Aussi, apprend-on, Zongba qui est issu de la famille Baliya, est originaire du village de Bozéné. « Pendant la Colonisation, les colons s’étaient installés chez Zongba pour agrandir le village. Accusé d’avoir tué son frère à cause d’argent, Zongba a été lui aussi empoisonné, plus tard, après plusieurs tentatives sans en complicité avec sa propre fille qui avait épousé un blanc. Le Guerrier Zongba a été présenté comme sans pardon ni pitié puisqu’il avait même tué son frère avec un bâton qu’il détient auprès de sa tête. Selon des témoignages historiques, ce dernier lui réclamait juste son salaire. Ce monument a été réalisé pour être installé à l’aéroport, question de permettre à tout le monde de voir, le contempler », ajoute Papa Bosco, le surveillant du site touristique de Zongba, actuellement le site appartenant au sénateur José Makila qui l’a acheté du temps il était gouverneur.
De l’autre côté des officiels, Jean Paul Mabenze, l’actuel gouverneur du Sud-Ubangi reconnait, lors de notre entretien, qu’en interne, il y a une politique pour faire la promotion des sites touristiques du Sud-Ubangi, mais cette politique va encore se renforcer, croit-il, avec la caisse de péréquation installée par le gouvernement central.

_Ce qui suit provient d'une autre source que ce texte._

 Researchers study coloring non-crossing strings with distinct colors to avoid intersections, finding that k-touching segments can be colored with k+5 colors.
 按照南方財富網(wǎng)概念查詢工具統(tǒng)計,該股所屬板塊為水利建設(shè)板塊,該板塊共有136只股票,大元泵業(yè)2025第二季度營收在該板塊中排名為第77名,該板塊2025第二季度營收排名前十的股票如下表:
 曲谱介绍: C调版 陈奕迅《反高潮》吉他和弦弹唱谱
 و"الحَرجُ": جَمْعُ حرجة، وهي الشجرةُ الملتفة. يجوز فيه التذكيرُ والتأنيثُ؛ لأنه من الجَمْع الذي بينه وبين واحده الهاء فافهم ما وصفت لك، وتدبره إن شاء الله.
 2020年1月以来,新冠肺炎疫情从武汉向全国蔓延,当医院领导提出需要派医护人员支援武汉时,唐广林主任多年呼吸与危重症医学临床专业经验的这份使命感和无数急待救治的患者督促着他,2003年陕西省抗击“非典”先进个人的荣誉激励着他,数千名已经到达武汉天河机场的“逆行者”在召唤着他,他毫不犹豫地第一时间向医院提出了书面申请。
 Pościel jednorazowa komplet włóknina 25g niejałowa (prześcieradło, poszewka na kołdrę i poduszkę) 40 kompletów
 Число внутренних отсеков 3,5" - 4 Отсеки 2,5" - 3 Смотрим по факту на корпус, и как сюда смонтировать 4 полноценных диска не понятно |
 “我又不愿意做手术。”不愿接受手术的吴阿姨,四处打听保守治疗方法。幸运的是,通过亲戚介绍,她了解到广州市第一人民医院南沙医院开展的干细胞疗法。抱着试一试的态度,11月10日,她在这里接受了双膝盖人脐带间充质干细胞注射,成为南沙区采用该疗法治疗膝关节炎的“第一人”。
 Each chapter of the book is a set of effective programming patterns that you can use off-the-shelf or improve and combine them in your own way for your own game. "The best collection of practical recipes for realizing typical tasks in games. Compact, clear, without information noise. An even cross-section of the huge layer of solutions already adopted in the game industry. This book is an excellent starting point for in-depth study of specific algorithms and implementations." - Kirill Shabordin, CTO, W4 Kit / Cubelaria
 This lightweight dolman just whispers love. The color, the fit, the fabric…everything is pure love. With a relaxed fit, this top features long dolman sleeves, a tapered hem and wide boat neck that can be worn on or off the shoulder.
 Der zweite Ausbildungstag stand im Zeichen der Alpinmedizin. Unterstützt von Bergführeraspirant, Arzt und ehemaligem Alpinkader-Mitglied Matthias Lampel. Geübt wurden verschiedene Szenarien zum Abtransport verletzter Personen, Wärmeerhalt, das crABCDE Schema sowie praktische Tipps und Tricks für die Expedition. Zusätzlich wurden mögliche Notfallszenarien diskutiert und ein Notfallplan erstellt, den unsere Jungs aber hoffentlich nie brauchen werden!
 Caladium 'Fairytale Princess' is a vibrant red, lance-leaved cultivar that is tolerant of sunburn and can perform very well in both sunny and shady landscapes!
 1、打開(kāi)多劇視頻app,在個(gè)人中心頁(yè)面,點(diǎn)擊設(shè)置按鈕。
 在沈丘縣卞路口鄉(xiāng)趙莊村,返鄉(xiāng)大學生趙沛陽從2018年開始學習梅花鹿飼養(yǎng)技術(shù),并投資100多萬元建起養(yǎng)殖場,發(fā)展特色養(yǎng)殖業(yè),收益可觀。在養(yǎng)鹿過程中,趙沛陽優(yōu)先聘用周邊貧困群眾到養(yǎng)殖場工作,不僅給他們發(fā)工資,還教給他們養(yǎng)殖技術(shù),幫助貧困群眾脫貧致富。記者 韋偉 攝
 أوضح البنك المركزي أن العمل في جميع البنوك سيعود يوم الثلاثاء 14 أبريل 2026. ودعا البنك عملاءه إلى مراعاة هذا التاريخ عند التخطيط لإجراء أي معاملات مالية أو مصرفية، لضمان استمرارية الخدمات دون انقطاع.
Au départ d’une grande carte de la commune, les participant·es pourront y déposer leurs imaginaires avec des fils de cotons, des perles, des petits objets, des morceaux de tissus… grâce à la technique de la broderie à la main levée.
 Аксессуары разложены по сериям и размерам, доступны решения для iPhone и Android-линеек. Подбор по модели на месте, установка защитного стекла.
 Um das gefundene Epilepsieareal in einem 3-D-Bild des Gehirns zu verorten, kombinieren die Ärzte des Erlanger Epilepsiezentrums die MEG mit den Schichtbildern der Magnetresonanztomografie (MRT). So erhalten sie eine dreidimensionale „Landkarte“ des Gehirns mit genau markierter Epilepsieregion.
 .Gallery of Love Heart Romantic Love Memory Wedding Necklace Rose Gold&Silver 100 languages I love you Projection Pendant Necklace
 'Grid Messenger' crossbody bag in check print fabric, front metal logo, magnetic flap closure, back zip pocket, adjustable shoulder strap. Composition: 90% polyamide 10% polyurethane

« Nous avons des projets, effectivement. Maintenant que le gouvernement veut relancer la caisse nationale de péréquation, nous disposerons des moyens nécessaires pour réaliser ce type de projet. Mais c’est un projet qui nous tient à cœur, puisque nous avons besoin d’entretenir notre mémoire, nous avons besoin de recevoir des visiteurs. Il y a un proverbe de chez nous qui dit : la maison qui reçoit est celle qui est bénit. Nous voulons justement recevoir beaucoup de visiteurs comme cela été le cas il y a quelques années en arrière », souligne Jean Paul Mabenze, gouverneur de la Province du Sud-Ubangi.
Sculpté par Maitre Alfred Liyolo, ce monument est dans la logique actuelle propriété privé de José Makila, ancien gouverneur et leader politique du parti ATD. Le Ministère de la culture, arts et patrimoines devrait sauter sur cette occasion pour en faire un patrimoine national, afin que son existence publique soit protégée. Symbole du vaillant congolais et de l’unité du peuple du Grand Équateur, Zongba est aussi un joyau artistique qui mérite un regard soutenu.